══ ENTRIES PROVIDED
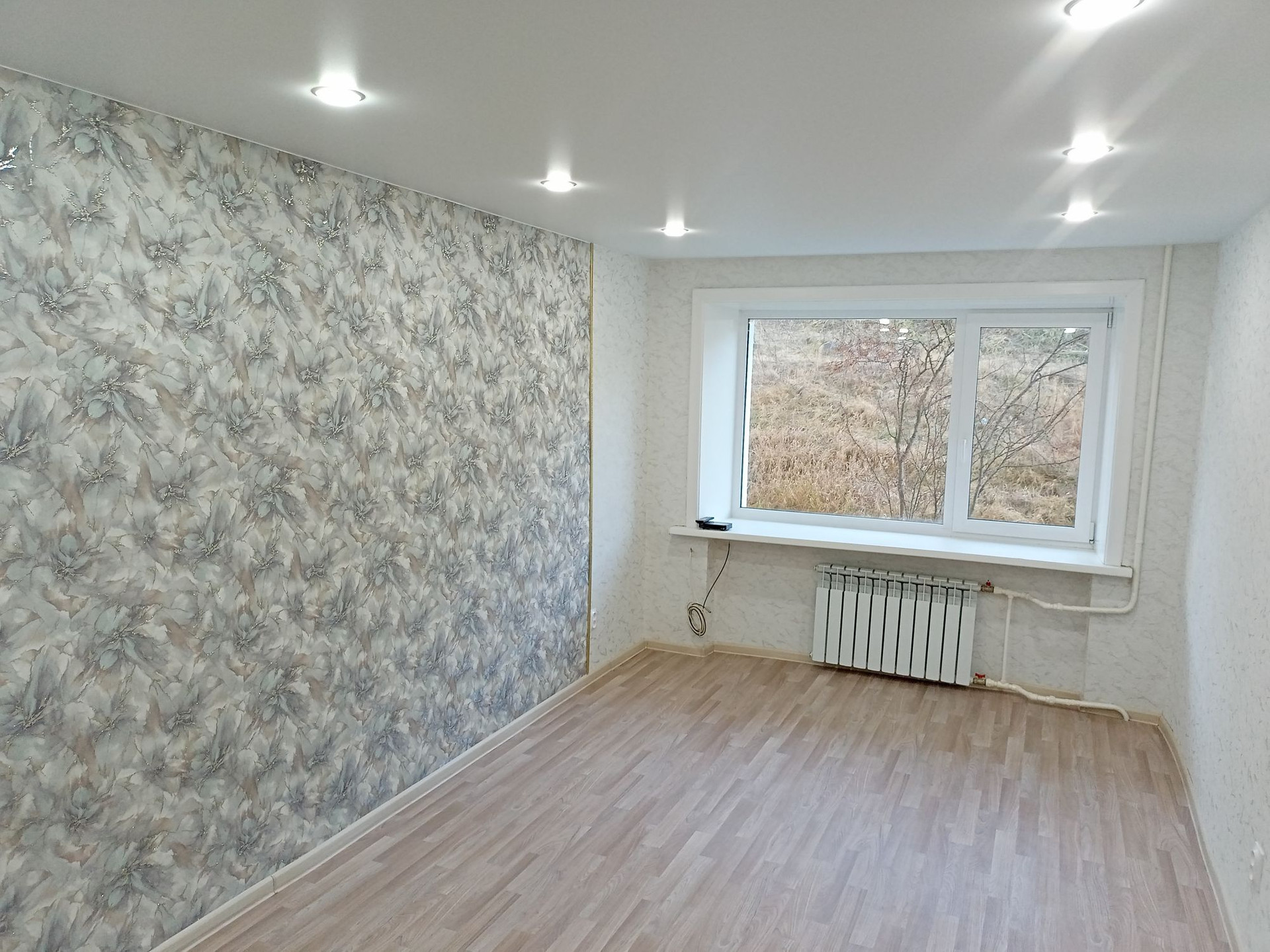 В квартире сделан очень хороший ремонт, в т.ч. поменяна электрика, в каждой комнате натяжные потолки, установлены биметаллические батареи.
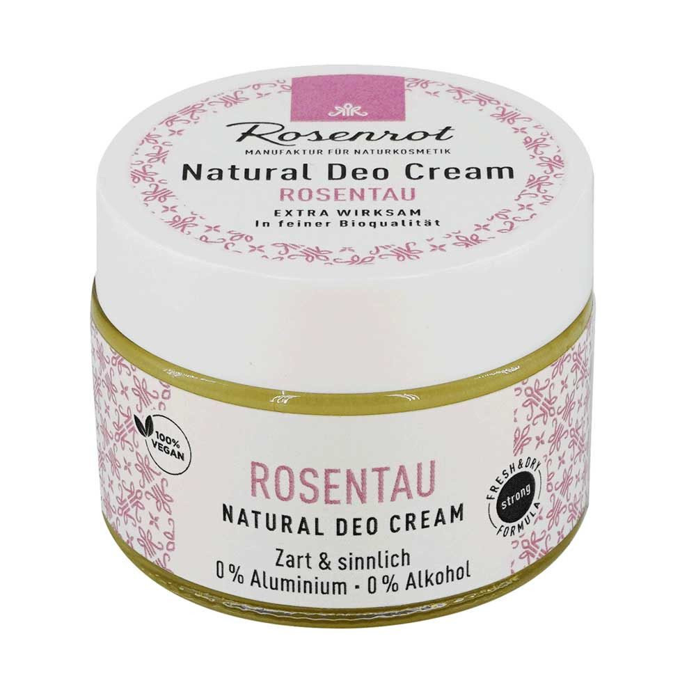 Die Rosenrot Deocreme mit der innovativen "Fresh and Dry" Formel ist zu 100% natürlich und durch Natron trotzdem besonders effektiv gegen Schweiß. Überzeugen Sie sich selbst!
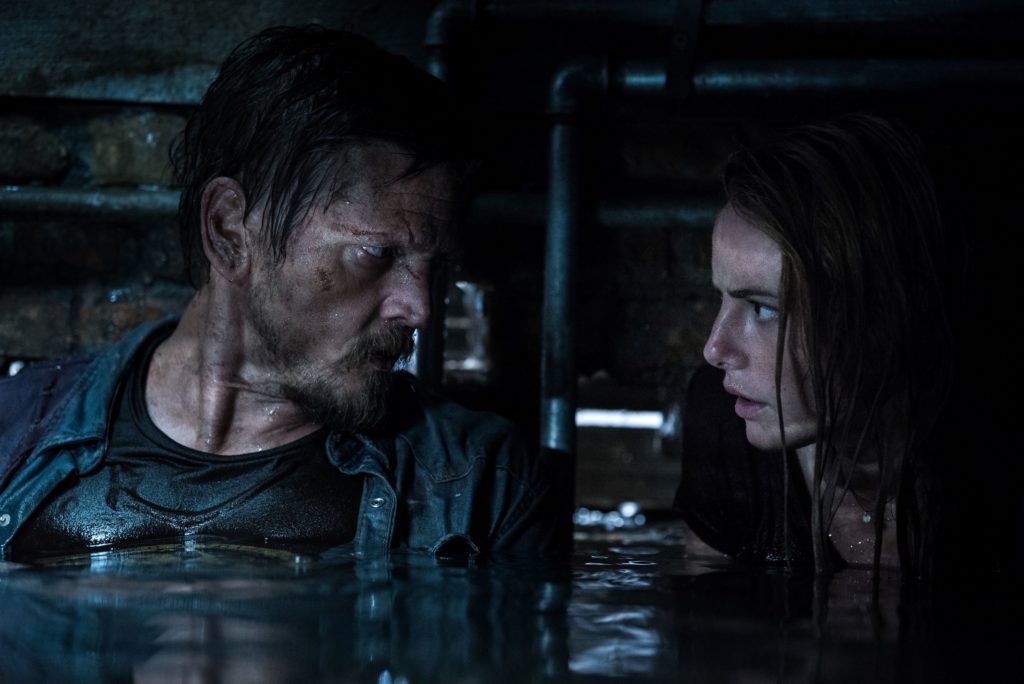 Esse é um ponto bastante positivo do filme, apesar de você ter ciência da presença dos crocodilos no recinto (sim, claro que eles vão ter que lidar com mais de um ou seria tudo mais fácil) e saber que eles vão atacar Haley e seu pai Dave (Barry Pepper), os sustos não são tão premeditados. A produção se vale quase que inteiramente dos jump scares para te assustar, porém de um jeito pouco óbvio. O que temos é constantemente um clima de tensão criado justamente pela situação de perigo constante em que os protagonistas se encontram, dessa maneira é mais difícil prever o momento exato em que o susto virá.
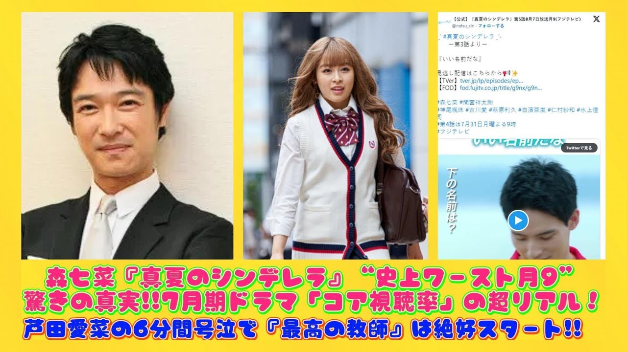 森七菜『真夏のシンデレラ』“史上ワースト月9”驚きの真実!!7月期ドラマ「コア視聴率」の超リアル!芦田愛菜の6分間号泣で『最高の教師』は絶好スタート!! | 日本の芸能ニュース
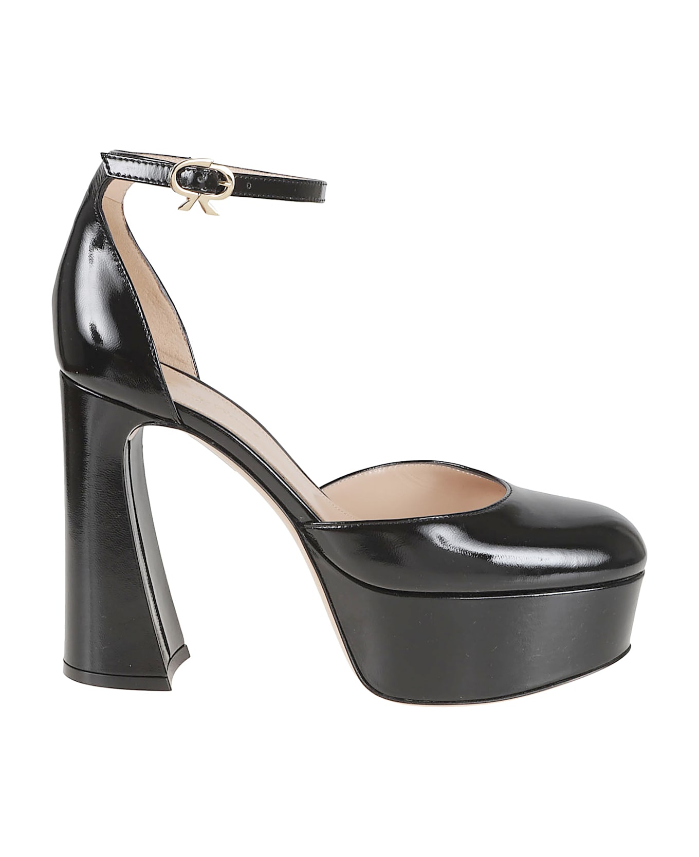 Holly d`Orsay leather shoe by GIANVITO ROSSI. Rounded toe; ankle strap with a round buckle.
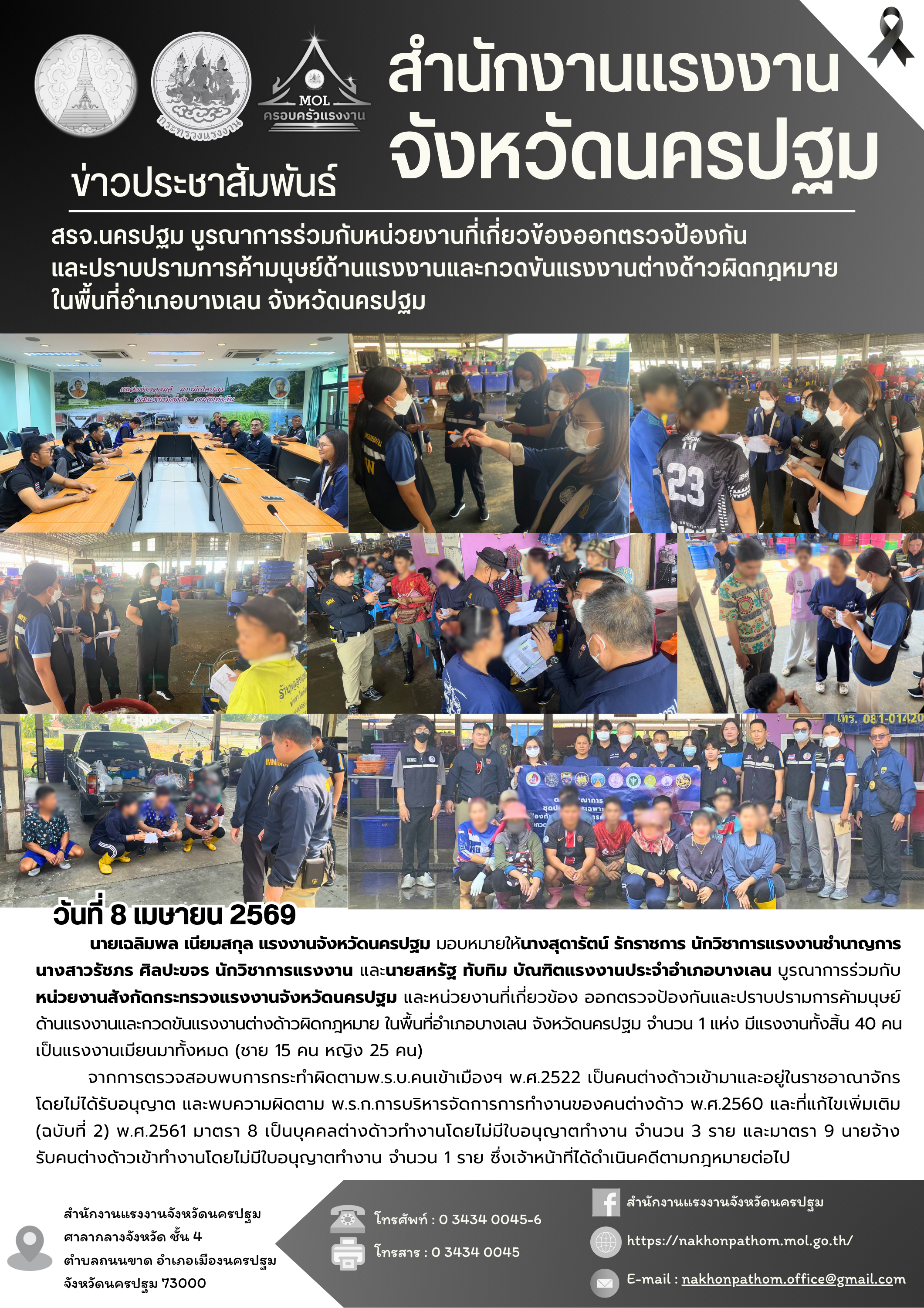 สรจ.นครปฐม บูรณาการร่วมกับหน่วยงานที่เกี่ยวข้องออกตรวจป้องกันและปราบปรามการค้ามนุษย์ด้านแรงงานและกวดขันแรงงานต่างด้าวผิดกฎหมาย ในพื้นที่อำเภอบางเลน จังหวัดนครปฐม
════
EXERCISE PROMPT: Without carrying over any picture, retype the records above word for word.

SOLUTION FOR THIS PROBLEM:
 В квартире сделан очень хороший ремонт, в т.ч. поменяна электрика, в каждой комнате натяжные потолки, установлены биметаллические батареи.
 Die Rosenrot Deocreme mit der innovativen "Fresh and Dry" Formel ist zu 100% natürlich und durch Natron trotzdem besonders effektiv gegen Schweiß. Überzeugen Sie sich selbst!
 Esse é um ponto bastante positivo do filme, apesar de você ter ciência da presença dos crocodilos no recinto (sim, claro que eles vão ter que lidar com mais de um ou seria tudo mais fácil) e saber que eles vão atacar Haley e seu pai Dave (Barry Pepper), os sustos não são tão premeditados. A produção se vale quase que inteiramente dos jump scares para te assustar, porém de um jeito pouco óbvio. O que temos é constantemente um clima de tensão criado justamente pela situação de perigo constante em que os protagonistas se encontram, dessa maneira é mais difícil prever o momento exato em que o susto virá.
 森七菜『真夏のシンデレラ』“史上ワースト月9”驚きの真実!!7月期ドラマ「コア視聴率」の超リアル!芦田愛菜の6分間号泣で『最高の教師』は絶好スタート!! | 日本の芸能ニュース
 Holly d`Orsay leather shoe by GIANVITO ROSSI. Rounded toe; ankle strap with a round buckle.
 สรจ.นครปฐม บูรณาการร่วมกับหน่วยงานที่เกี่ยวข้องออกตรวจป้องกันและปราบปรามการค้ามนุษย์ด้านแรงงานและกวดขันแรงงานต่างด้าวผิดกฎหมาย ในพื้นที่อำเภอบางเลน จังหวัดนครปฐม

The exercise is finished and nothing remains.